# [Records supplied]
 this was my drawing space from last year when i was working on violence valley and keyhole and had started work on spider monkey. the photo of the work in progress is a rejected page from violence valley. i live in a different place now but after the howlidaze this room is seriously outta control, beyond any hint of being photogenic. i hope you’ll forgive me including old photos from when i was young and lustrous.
* * *
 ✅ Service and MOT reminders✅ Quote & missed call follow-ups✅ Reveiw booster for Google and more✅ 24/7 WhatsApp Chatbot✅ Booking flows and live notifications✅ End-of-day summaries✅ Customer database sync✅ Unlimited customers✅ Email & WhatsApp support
==
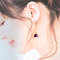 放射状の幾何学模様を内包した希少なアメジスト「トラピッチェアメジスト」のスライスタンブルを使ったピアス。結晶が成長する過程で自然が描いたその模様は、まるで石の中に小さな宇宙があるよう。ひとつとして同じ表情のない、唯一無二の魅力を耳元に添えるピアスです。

# [Task requirements]
Working from the entries above, return all lines that contain "live".

# [Exercise answer]
 this was my drawing space from last year when i was working on violence valley and keyhole and had started work on spider monkey. the photo of the work in progress is a rejected page from violence valley. i live in a different place now but after the howlidaze this room is seriously outta control, beyond any hint of being photogenic. i hope you’ll forgive me including old photos from when i was young and lustrous.
 ✅ Service and MOT reminders✅ Quote & missed call follow-ups✅ Reveiw booster for Google and more✅ 24/7 WhatsApp Chatbot✅ Booking flows and live notifications✅ End-of-day summaries✅ Customer database sync✅ Unlimited customers✅ Email & WhatsApp support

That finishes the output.